As an example of this technique I will use
the stock Uranium Energy (URG). For the past week URG has been trading in a
range of $2.40 (+/-) to $2.65 (+/-) on relatively strong volume. First,
you must do the homework and making sure there are no “Loch Ness
Monsters” in the stock, and then you must check your charts and see
where the key support and resistance levels are.
For the last week I have bought this stock
three times under $2.40 and sold it back at $2.65. I have realized 10% gains
all three times. Yesterday this stock traded in the $2.60 range all day on
low volume. I waited all day and at 3:30 I was able to buy it at
$2.38 while it closed at $2.37 with over 1.3 million shares traded. It is
important to note that this is a classic trend of a stock consolidation
because traders are shaking out the “faint of heart” investors
and consolidating their positions at the key support level. If this stock
acts as scripted I will sell it back today at $2.60 or above. If it does not
act accordingly I will have to patiently wait. I have faith in my charts and
trust that this stock will bounce back.
As I write this, Gold and Silver are both
down along with the miners. I am prepared to see this stock take a further
dip or hold its level because I trust my charts. The best reason to use
charts is that it takes the emotion out of trading. If it does not correct
today, I trust my charts and feel that although I may have to wait, this
stock will bounce back to the $2.65 level. It is important to note that no
matter what happens I will not add to my position at lower levels. My theory
is to never add to a losing position. If this stock trades below $2.35, I
will immediately sell it. When using this technique it is important to keep
in mind that no matter what happens you have to be willing to cut your losses
as quickly as possible. Just because it worked 3 times in a row does not mean
that it will again. As often said by John Maynard Keynes “the markets
can remain irrational a lot longer than you and I can remain solvent.”

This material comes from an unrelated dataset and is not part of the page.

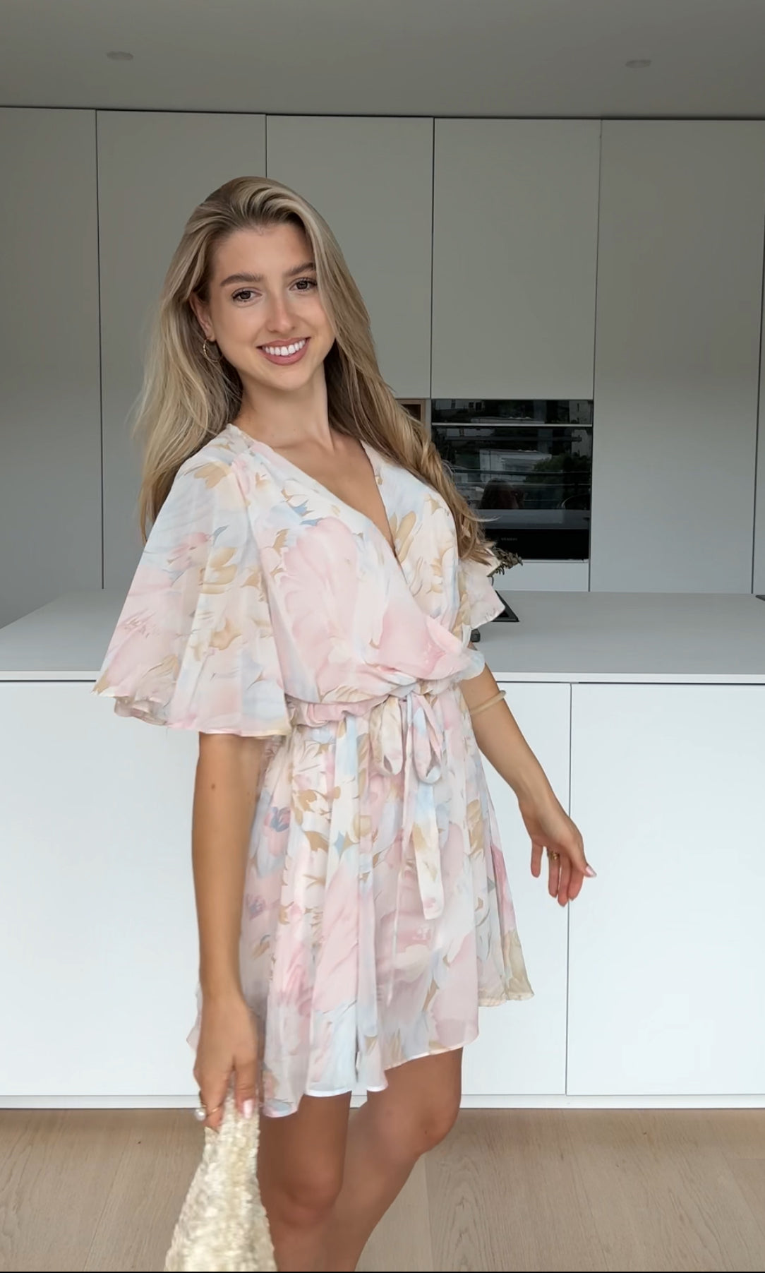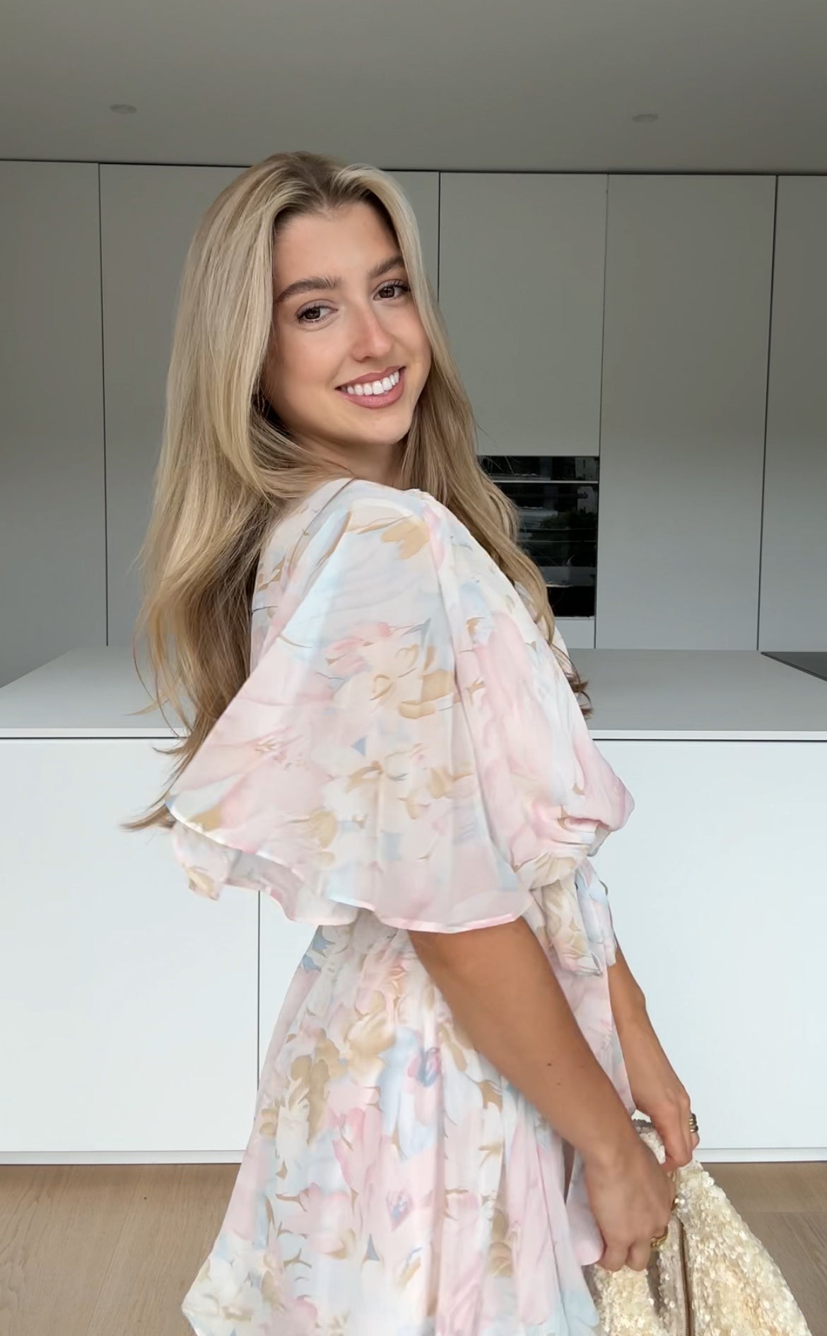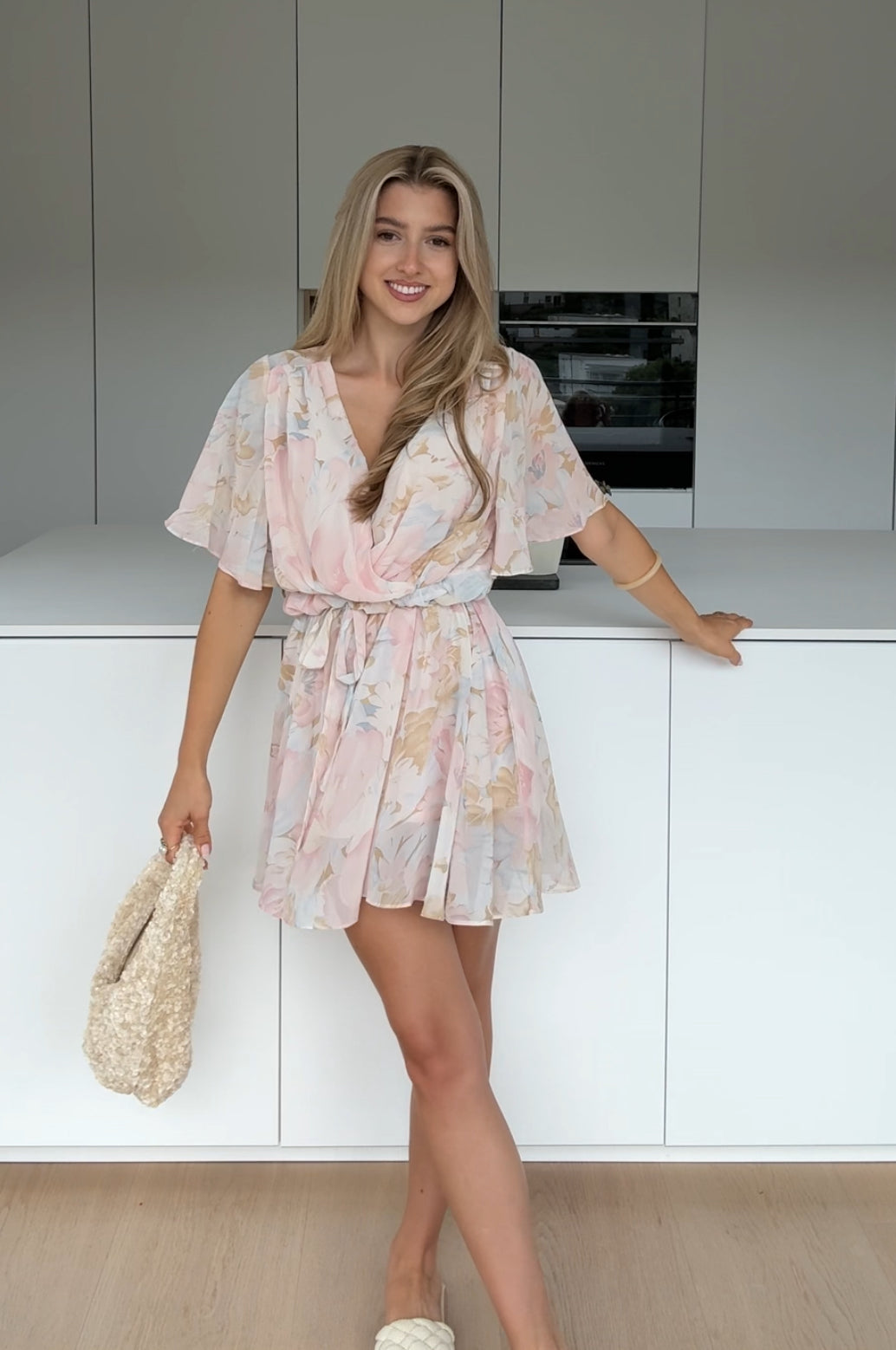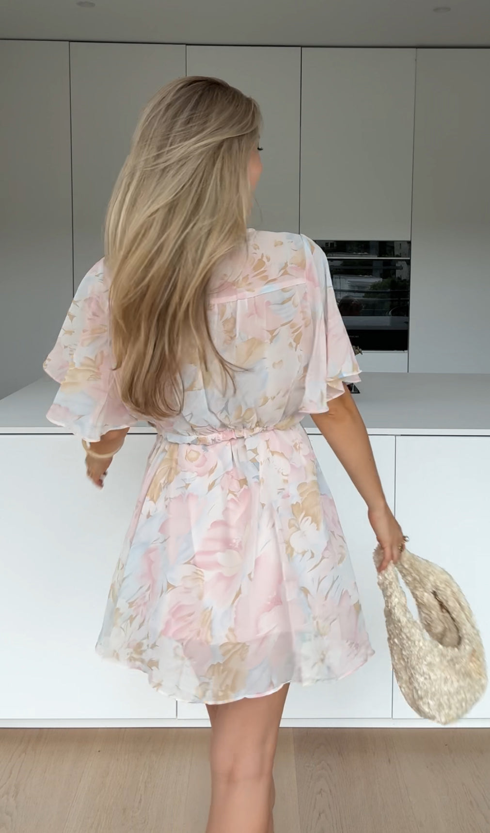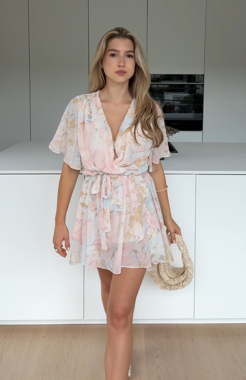 ARTIKELDETALJER: Klänning med blommor i blommönster.

As I have written in the past, according to
Bernard Baruch, “to make a fortune in the stock market you only have to
be right half the time.” The key is when the market does not go your
way to cut your losses as quickly as possible and move on.
I feel that this is an important teaching
post because you will see in real life, at my expense, how my technique plays
out today.
Either way this will be a very interesting
day.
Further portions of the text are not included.